• GIVEN DATA:
--*--
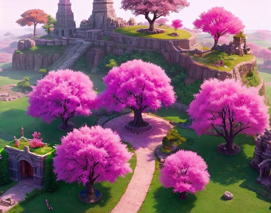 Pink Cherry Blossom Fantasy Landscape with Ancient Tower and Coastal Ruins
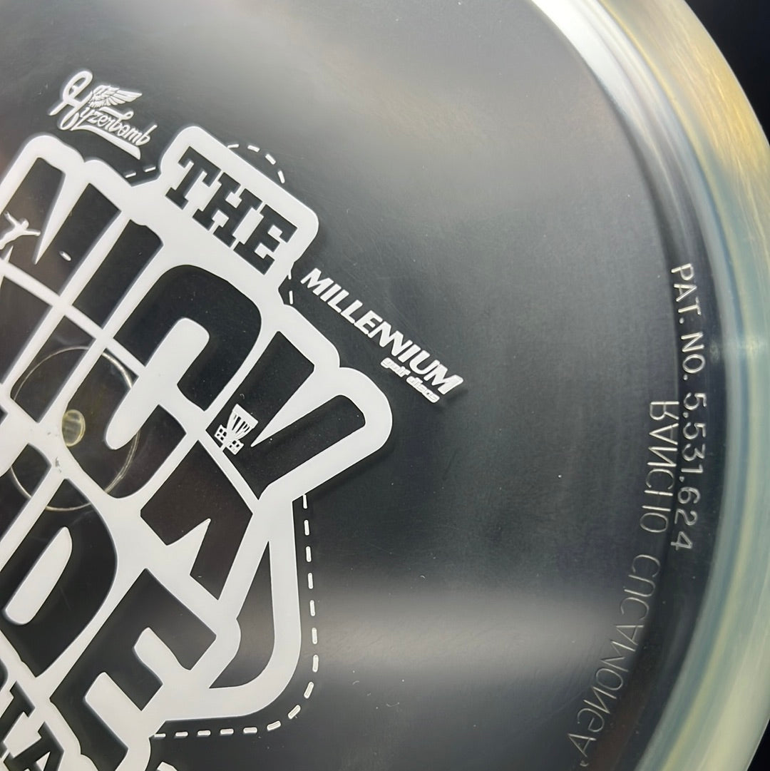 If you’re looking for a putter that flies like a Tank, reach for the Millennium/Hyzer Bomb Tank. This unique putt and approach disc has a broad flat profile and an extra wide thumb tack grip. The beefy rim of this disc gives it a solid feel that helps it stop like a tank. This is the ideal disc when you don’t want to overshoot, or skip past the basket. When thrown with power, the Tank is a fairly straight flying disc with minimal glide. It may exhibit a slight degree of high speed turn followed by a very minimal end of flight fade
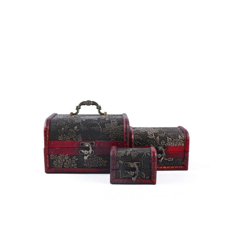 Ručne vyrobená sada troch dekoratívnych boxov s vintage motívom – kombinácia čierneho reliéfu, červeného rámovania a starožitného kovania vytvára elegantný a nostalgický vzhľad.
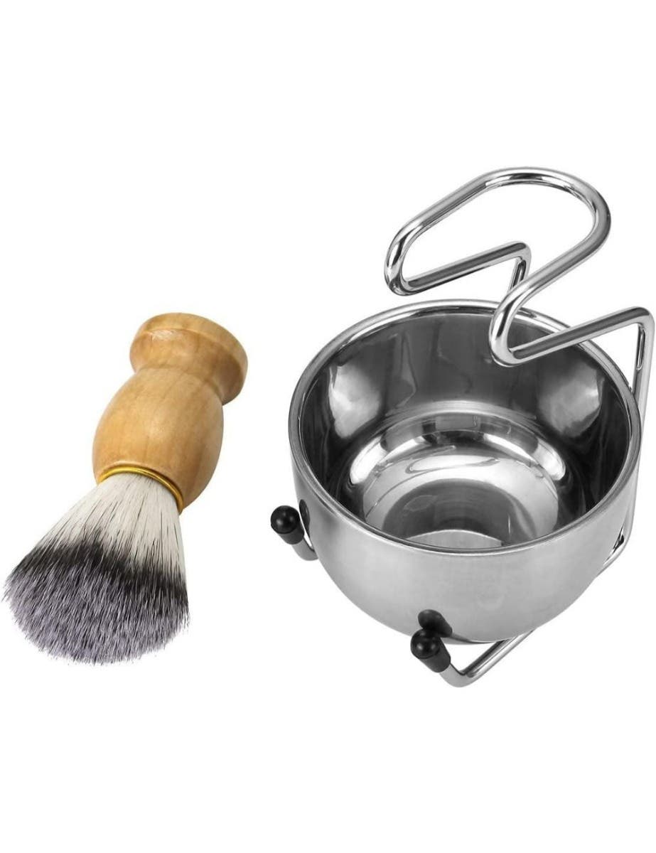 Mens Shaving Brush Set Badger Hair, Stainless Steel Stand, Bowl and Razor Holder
--*--
• WORK REQUEST: Start at the first line and set down all of the data exactly, passing over the pictures.

• EXERCISE ANSWER:
 Pink Cherry Blossom Fantasy Landscape with Ancient Tower and Coastal Ruins
 If you’re looking for a putter that flies like a Tank, reach for the Millennium/Hyzer Bomb Tank. This unique putt and approach disc has a broad flat profile and an extra wide thumb tack grip. The beefy rim of this disc gives it a solid feel that helps it stop like a tank. This is the ideal disc when you don’t want to overshoot, or skip past the basket. When thrown with power, the Tank is a fairly straight flying disc with minimal glide. It may exhibit a slight degree of high speed turn followed by a very minimal end of flight fade
 Ručne vyrobená sada troch dekoratívnych boxov s vintage motívom – kombinácia čierneho reliéfu, červeného rámovania a starožitného kovania vytvára elegantný a nostalgický vzhľad.
 Mens Shaving Brush Set Badger Hair, Stainless Steel Stand, Bowl and Razor Holder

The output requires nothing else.